**TASK**:
Everything from the line that holds "Hình 2: Các" through the end of the data below should be output exactly, both ends included.
:::::
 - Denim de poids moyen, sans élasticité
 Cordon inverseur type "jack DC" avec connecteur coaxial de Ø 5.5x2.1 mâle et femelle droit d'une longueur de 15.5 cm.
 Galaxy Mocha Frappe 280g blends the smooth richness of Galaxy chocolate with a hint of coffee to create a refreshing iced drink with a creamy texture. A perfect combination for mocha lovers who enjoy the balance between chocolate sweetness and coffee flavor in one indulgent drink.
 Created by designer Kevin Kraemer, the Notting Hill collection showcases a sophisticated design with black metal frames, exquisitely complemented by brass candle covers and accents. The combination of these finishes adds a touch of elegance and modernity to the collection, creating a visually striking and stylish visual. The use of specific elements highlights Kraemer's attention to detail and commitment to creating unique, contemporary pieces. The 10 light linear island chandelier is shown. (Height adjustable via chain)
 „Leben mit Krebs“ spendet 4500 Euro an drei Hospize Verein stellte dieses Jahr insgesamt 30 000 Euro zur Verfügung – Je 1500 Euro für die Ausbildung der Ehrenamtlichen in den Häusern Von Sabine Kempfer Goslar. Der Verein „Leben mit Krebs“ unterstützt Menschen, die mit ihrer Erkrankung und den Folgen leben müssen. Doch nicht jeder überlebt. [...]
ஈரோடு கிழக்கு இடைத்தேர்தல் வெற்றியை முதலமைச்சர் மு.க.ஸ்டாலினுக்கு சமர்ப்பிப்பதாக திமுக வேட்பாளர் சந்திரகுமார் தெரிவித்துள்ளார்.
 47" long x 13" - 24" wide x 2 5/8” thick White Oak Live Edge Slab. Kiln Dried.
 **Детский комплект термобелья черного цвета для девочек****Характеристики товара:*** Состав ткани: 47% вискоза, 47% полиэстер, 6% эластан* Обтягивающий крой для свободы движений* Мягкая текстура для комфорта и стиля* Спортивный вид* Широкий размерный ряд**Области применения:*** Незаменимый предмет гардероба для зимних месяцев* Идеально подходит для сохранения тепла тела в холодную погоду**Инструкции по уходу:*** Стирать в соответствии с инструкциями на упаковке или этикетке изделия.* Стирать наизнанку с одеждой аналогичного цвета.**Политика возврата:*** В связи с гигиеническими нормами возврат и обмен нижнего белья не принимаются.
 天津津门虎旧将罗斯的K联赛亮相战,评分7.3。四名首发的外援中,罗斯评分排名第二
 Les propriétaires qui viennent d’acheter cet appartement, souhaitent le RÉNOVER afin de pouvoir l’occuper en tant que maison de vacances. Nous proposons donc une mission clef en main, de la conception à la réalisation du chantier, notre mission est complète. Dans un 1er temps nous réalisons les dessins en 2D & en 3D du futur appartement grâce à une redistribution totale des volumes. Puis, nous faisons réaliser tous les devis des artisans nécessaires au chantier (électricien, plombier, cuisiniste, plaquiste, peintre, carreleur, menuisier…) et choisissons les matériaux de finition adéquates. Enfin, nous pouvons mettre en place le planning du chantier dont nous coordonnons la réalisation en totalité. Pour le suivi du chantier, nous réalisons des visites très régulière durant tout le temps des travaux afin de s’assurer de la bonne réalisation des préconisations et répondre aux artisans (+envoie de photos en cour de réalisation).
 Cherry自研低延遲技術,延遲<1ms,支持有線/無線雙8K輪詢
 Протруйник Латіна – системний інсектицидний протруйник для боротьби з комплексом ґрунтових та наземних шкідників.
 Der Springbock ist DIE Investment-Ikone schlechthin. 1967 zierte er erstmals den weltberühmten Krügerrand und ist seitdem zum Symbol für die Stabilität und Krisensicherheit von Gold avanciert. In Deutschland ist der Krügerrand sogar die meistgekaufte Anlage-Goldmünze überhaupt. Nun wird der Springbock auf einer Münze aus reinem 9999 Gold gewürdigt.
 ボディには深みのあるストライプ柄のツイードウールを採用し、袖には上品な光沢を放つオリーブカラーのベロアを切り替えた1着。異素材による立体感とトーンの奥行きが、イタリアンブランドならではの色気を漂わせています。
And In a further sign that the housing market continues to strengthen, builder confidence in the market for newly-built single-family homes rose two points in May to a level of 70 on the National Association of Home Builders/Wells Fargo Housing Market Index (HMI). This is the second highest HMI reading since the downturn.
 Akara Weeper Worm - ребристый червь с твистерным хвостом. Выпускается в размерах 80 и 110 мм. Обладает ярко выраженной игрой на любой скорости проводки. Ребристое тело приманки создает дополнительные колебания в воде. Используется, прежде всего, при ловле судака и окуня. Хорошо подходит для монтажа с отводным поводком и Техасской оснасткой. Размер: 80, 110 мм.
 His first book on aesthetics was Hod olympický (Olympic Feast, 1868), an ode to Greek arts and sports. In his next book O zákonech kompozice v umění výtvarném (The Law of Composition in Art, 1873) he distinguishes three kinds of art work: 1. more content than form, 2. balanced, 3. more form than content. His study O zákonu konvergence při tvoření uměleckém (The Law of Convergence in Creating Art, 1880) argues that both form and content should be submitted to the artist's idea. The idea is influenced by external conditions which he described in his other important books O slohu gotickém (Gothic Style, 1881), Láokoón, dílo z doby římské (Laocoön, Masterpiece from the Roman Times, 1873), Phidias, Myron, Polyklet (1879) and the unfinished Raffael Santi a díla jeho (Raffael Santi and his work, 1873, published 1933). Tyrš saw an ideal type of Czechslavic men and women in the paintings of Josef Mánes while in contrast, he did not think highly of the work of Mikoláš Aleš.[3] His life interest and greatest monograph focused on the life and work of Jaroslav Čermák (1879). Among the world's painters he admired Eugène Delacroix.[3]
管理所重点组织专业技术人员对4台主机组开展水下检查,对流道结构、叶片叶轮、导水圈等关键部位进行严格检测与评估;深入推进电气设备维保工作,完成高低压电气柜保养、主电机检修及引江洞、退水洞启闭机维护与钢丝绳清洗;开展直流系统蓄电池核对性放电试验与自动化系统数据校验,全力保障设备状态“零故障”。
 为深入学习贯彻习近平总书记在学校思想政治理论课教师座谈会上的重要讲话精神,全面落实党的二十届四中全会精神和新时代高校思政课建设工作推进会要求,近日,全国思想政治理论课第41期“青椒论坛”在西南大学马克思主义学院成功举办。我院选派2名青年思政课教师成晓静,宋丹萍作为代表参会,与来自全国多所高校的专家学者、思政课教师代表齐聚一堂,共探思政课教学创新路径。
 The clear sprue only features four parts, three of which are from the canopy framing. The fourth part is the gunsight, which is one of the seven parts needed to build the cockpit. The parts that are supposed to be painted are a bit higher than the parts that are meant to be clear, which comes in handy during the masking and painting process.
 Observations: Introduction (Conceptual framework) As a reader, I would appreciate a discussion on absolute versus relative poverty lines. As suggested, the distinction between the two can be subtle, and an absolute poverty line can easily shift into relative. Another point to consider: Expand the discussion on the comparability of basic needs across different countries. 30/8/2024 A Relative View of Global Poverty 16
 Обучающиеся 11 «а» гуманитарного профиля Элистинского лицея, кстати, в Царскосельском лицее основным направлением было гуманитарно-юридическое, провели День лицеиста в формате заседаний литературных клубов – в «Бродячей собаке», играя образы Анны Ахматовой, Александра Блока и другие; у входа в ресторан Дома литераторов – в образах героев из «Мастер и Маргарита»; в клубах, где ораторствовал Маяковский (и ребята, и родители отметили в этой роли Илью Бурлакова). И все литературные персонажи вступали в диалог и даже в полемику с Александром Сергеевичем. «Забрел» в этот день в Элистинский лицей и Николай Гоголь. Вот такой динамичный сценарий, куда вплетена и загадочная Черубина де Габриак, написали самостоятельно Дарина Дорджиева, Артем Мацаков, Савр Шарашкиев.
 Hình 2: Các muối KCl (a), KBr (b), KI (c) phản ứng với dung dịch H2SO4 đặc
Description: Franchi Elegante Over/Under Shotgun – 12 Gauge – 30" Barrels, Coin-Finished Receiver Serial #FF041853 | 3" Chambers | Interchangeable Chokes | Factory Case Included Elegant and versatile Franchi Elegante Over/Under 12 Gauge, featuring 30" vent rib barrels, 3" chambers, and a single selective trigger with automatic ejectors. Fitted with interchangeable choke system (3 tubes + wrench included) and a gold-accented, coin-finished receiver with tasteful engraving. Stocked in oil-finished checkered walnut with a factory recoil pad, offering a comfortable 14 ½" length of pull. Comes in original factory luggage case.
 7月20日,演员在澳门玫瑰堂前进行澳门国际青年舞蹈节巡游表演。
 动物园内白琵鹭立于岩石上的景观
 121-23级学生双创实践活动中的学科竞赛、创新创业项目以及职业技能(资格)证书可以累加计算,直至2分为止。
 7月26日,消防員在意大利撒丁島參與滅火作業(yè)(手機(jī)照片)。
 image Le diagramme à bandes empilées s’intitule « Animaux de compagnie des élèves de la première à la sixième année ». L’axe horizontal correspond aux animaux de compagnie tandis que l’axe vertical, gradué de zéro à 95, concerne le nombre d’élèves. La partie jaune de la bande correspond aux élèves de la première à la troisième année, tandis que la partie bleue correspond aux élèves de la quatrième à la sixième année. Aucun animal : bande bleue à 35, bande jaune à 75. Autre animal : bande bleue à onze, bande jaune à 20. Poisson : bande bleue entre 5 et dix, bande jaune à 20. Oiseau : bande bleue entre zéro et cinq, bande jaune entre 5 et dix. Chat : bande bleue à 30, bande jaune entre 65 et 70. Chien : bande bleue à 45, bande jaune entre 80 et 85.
:::::
**YOUR RESPONSE**:
 Hình 2: Các muối KCl (a), KBr (b), KI (c) phản ứng với dung dịch H2SO4 đặc
Description: Franchi Elegante Over/Under Shotgun – 12 Gauge – 30" Barrels, Coin-Finished Receiver Serial #FF041853 | 3" Chambers | Interchangeable Chokes | Factory Case Included Elegant and versatile Franchi Elegante Over/Under 12 Gauge, featuring 30" vent rib barrels, 3" chambers, and a single selective trigger with automatic ejectors. Fitted with interchangeable choke system (3 tubes + wrench included) and a gold-accented, coin-finished receiver with tasteful engraving. Stocked in oil-finished checkered walnut with a factory recoil pad, offering a comfortable 14 ½" length of pull. Comes in original factory luggage case.
 7月20日,演员在澳门玫瑰堂前进行澳门国际青年舞蹈节巡游表演。
 动物园内白琵鹭立于岩石上的景观
 121-23级学生双创实践活动中的学科竞赛、创新创业项目以及职业技能(资格)证书可以累加计算,直至2分为止。
 7月26日,消防員在意大利撒丁島參與滅火作業(yè)(手機(jī)照片)。
 image Le diagramme à bandes empilées s’intitule « Animaux de compagnie des élèves de la première à la sixième année ». L’axe horizontal correspond aux animaux de compagnie tandis que l’axe vertical, gradué de zéro à 95, concerne le nombre d’élèves. La partie jaune de la bande correspond aux élèves de la première à la troisième année, tandis que la partie bleue correspond aux élèves de la quatrième à la sixième année. Aucun animal : bande bleue à 35, bande jaune à 75. Autre animal : bande bleue à onze, bande jaune à 20. Poisson : bande bleue entre 5 et dix, bande jaune à 20. Oiseau : bande bleue entre zéro et cinq, bande jaune entre 5 et dix. Chat : bande bleue à 30, bande jaune entre 65 et 70. Chien : bande bleue à 45, bande jaune entre 80 et 85.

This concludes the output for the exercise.